This building is an example of how lifestyles have evolved over the decades. It was one of the first luxury apartment houses that replaced many single family homes in the city.
For economic as well as practical reasons, those who could afford it began to favor living in apartments. When it was completed in 1908, the Lenox Hill building stood out from the low scale row houses that comprised the rest of the block.
This mid-rise, red and white Gothic creation had a fence around it and the entrance was located on Madison Avenue, hence the 777 Madison Avenue address. However, the building was initially called Park View for a very brief period of time.
Designed by Herbert Harde and Richard Short and owned by Charles Rogers, the building originally had two apartments per floor, each of which had 12 or 13 rooms. This was in order to accommodate the household staff. The building also had a full staff, including a doorman.
The apartment dweller, "can be entirely isolated and experience the joy of living 100 to 200 feet in the air, above the noise and dust of the street, and if he desires to travel need only dismiss his help and latch the front door, with none of the dreaded discomfort of closing up a huge house," noted a 1918 article in Architecture by Lafayette A. Goldstone.
Although the Dakota, which was completed in 1884, was one of the first luxury apartment houses on Central Park West and others followed there, this building set the tone for the ones that would be constructed on the Upper East Side.

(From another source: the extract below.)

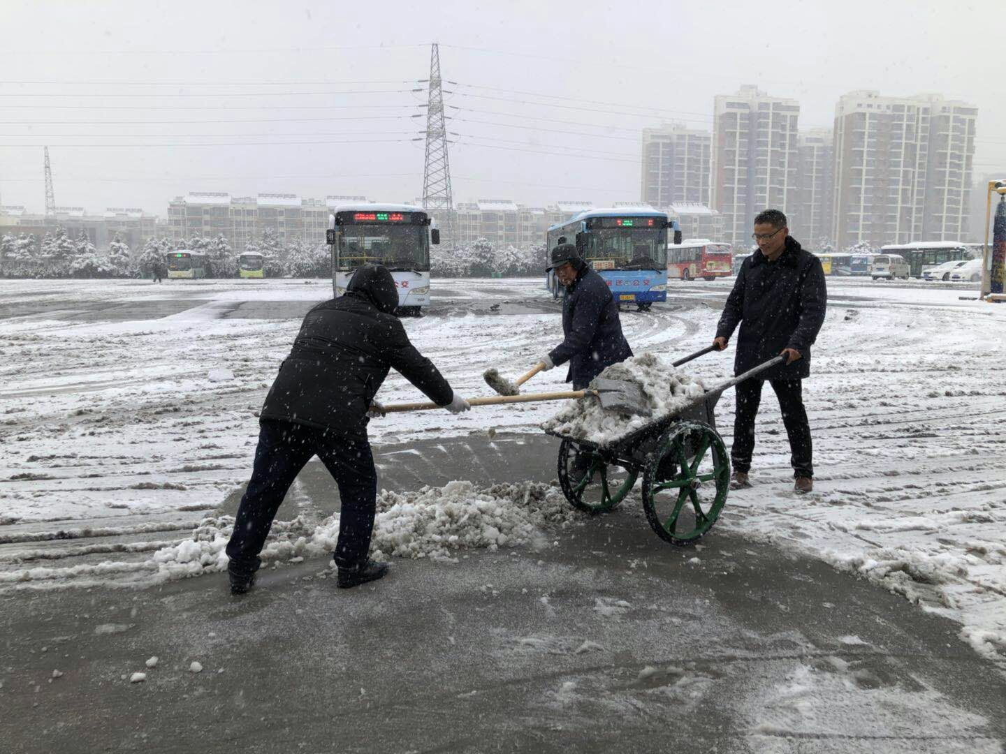 每名員工分工明確,對(duì)場(chǎng)站路面進(jìn)行撒鹽化雪,掃把除雪,鐵鏟除冰,經(jīng)過一小時(shí)的通力奮戰(zhàn),各站場(chǎng)內(nèi)積雪基本清掃干凈,保障了車輛全部上線運(yùn)營(yíng),不耽誤市民出行。

Elegance was very much in style at the time and in 1909 the Verona was completed at 64th and Madison Ave.
This building has two facades, one facing 66th St. and the other facing Madison Ave. The two are joined by a distinctive corner tower intended to bring to mind contemporary Parisian apartment buildings. The original entrance was located directly below these windows and was relocated to its present address in 1929.
Not surprisingly, several of the early residents were people of note. Among them was Henry Poor, the President of Poor's Manual of Railroads. This publication, started by his father, analyzed the financial performance of the American railroad industry and was the predecessor of Standard and Poor's.

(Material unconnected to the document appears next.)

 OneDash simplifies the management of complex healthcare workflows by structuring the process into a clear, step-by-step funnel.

Another resident was a passenger on the Titanic. Karl Behr was one of the foremost tennis players in America and he played on the Davis Cup team in 1907. In April 1912 he boarded the Titanic in Cherbourg, France, in a bid to continue wooing a friend of his sister, Helen Monypeny Newsom. Her mother had disapproved of their relationship and she had taken her daughter on the Grand Tour of Europe to put time and space between the two. However, Behr invented a reason to travel to Europe on business and joined the pair on their return trip to America. The April 16, 1912, issue of the New York Times listed Behr among the missing. Fortunately for his family in New York, a telegram arrived that same day informing them that he was among those saved. He had been in the second lifeboat to be lowered, along with Newsom who would become his wife the following year.

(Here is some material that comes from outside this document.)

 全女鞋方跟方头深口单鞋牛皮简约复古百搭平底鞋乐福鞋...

Interestingly, it wasn't the Great Depression that ended the age of luxury apartment houses, but World War II. Between 1948-53, as apartments in the building were vacated the units were split into two. This building "is an impressive reminder of the grand era of the early luxury apartment house. As one of the first elegant apartment buildings of the 20th century, it stands out today as among the most distinctive extant designs of that period and as a vital architectural element in this part of the city," noted the 1977 report by the Landmarks Preservation Commission when it received landmark status. The building was added to the National Register of Historic Places in 1980.